Vor allem diese Umklassifizierungen können in der Praxis erhebliche Auswirkungen, sowohl auf das Vorgehen im Rahmen einer Markenanmeldung, als auch auf die Überwachung von eingetragenen Marken haben. Dies gilt umso mehr für international agierende Unternehmen und Markeninhaber, da die verschiedenen Markenämter den Änderungen der Nizza-Klassifikation jeweils unterschiedlich Rechnung tragen.
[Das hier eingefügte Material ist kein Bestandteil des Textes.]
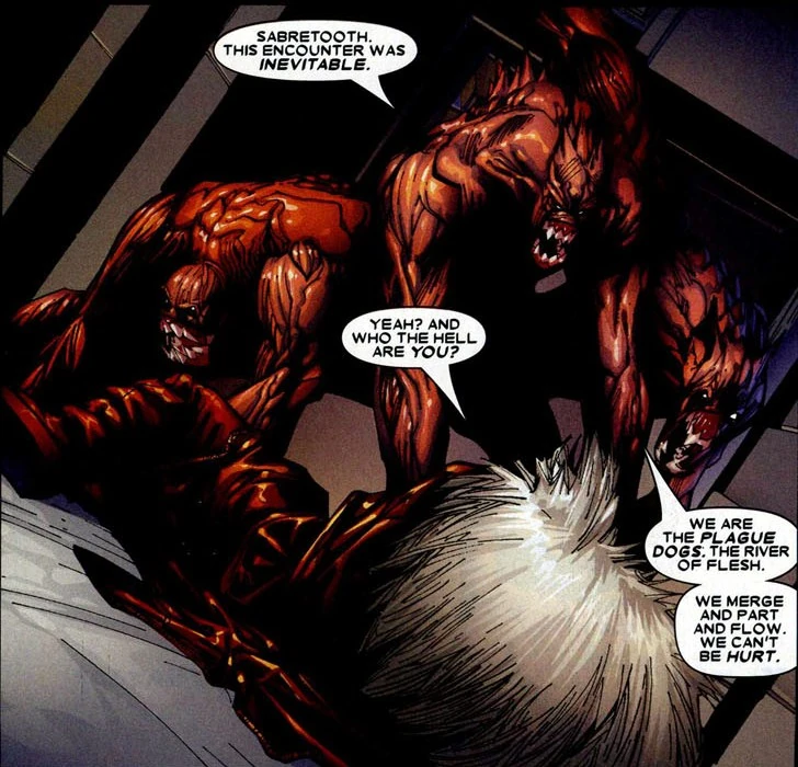 The Plague Dogs were three subordinates of Dr. Richard Palance after he became the supervillain Pandemic. This was when he studied the X-Gene in the Mutant Rogue and decided to cultivate it with various viral strains in order to attain a means of obtaining immortality by absorbing their experiences. During this time, he experimented with numerous viral strains which led to the creation of one that was used to create the Plague Dogs who's bodies were transformed into rivers of flesh. These three individuals were able to merge, part and flow thus allowing them to reform their bodies from any injury. Thus, they believed that they were incapable of being harmed as they simply reformed their flesh and heal themselves which removed them from the normal Human genetic template. In addition, they were immune to Rogue's Mutant ability to absorb memories and abilities from people through skin contact. Following the test of this strain, Dr. Palance was able to create the Strain 87 Virus which he used to instill within himself the power to absorb Mutant abilities though this did not provide him with his objective in attaining a form of immortality by stealing subjective experiences from other people.

Die weiteren Ausführungen differenzieren zwischen den Auswirkungen der Umklassifizierungen beim Eidgenössischen Institut für Geistiges Eigentum (IGE), beim Deutschen Patent- und Markenamt (DPMA) und beim für Gemeinschaftsmarken zuständigen Harmonisierungsamt für den Binnenmarkt (HABM).
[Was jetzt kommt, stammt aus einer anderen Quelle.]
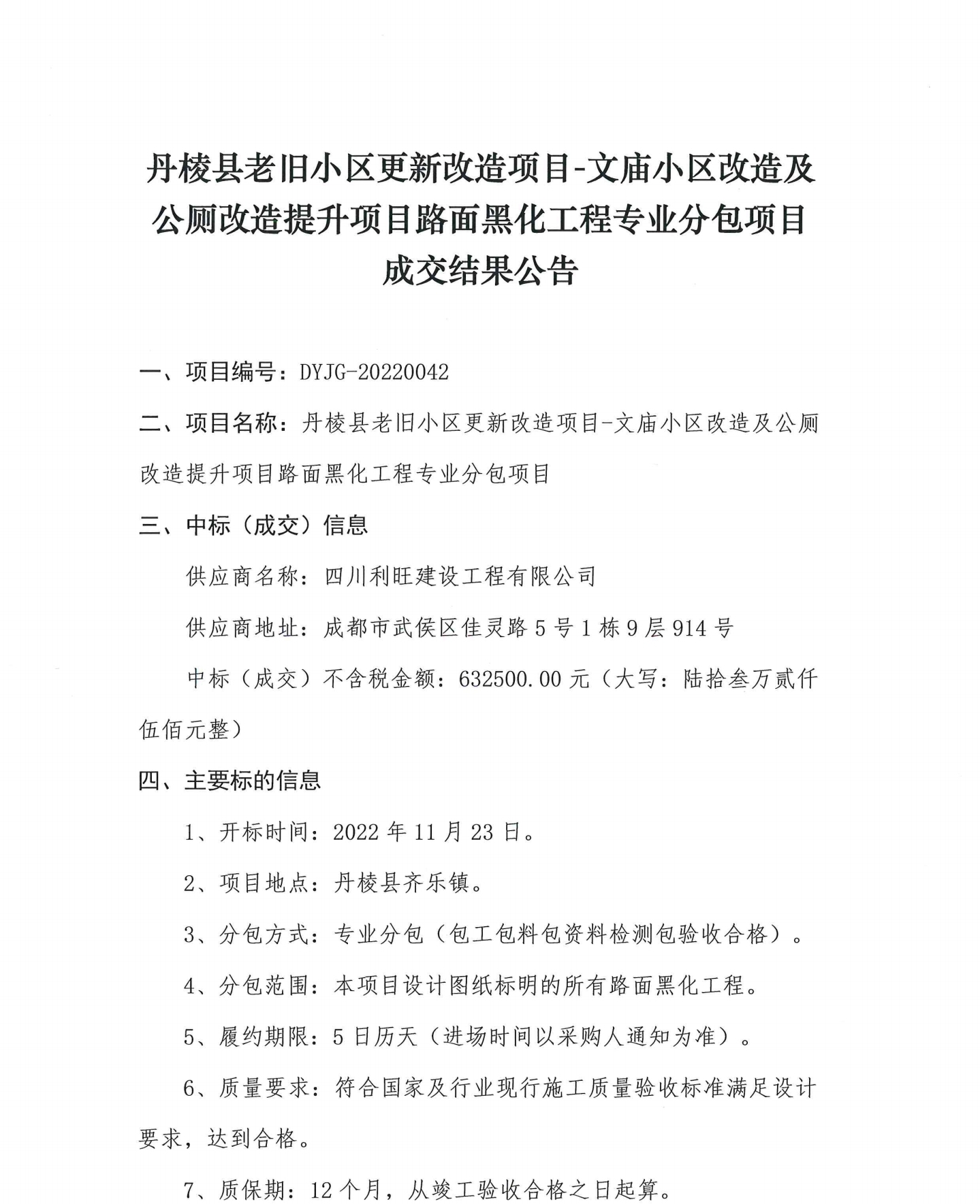 丹棱縣老舊小區(qū)更新改造項(xiàng)目-文廟小區(qū)改造及公廁改造提升項(xiàng)目路面黑化工程專(zhuān)業(yè)分包項(xiàng)目成交結(jié)果公告

1. Allgemeine Geltung der NKL 10
Die aktuellen Änderungen der Nizza-Klassifikation wirken sich allgemein vor allem auf aktuelle Markenanmeldungen aus. Bei Marken, die nach dem 1. Januar 2012 zur Anmeldung gebracht werden, sind die beanspruchten Waren und Dienstleistungen nach der NKL 10 zu klassifizieren. Sofern eine Marke noch vor dem 1. Januar 2012 unter Verwendung der 9. Ausgabe der Nizza-Klassifikation (NKL 9) zur Anmeldung gebracht wurde, aber vom entsprechenden Markenamt erst im Jahr 2012 geprüft wird, werden diese Gesuche von den Markenämtern unterschiedlich behandelt. Während beim IGE und DPMA die Prüfung und Eintragung der Marke anhand der NKL 10 durchgeführt wird, prüft das HABM auch nach dem 31. Dezember 2011 die Markenanmeldung nach der zuvor gültigen NKL 9, sofern die Marke noch vor dem 1. Januar 2012 zur Anmeldung gebracht wurde.Beim IGE und DPMA kann die Prüfung der Marken nach der NKL 10, wenn sie vor dem 1. Januar 2012 nach der NKL 9 zur Anmeldung gebracht wurden, Änderungen beim Produktverzeichnis der Marken erforderlich machen. Solche Änderungen der Markenanmeldung können die Eintragung der Marke verzögern und insbesondere beim IGE dazu führen, dass am 1. Januar 2012 hängige Gesuche nicht in den Genuss der vorgezogenen Markenprüfung kommen, obwohl sie nach NKL 9 davon profitiert hätten. In diesem Fall erforderliche Umklassifizierungen haben jedoch weder beim IGE noch beim DPMA nachteilige Auswirkungen auf die Klassengebühren oder das Anmeldedatum der Marke. Beim HABM kommt es durch die Änderungen der NKL 10 zu keinen Verzögerungen, da der Markenprüfung dort auch nach dem 31. Dezember 2011 die zum Zeitpunkt der Anmeldung gültige Auflage der Nizza-Klassifikation zu Grunde gelegt wird.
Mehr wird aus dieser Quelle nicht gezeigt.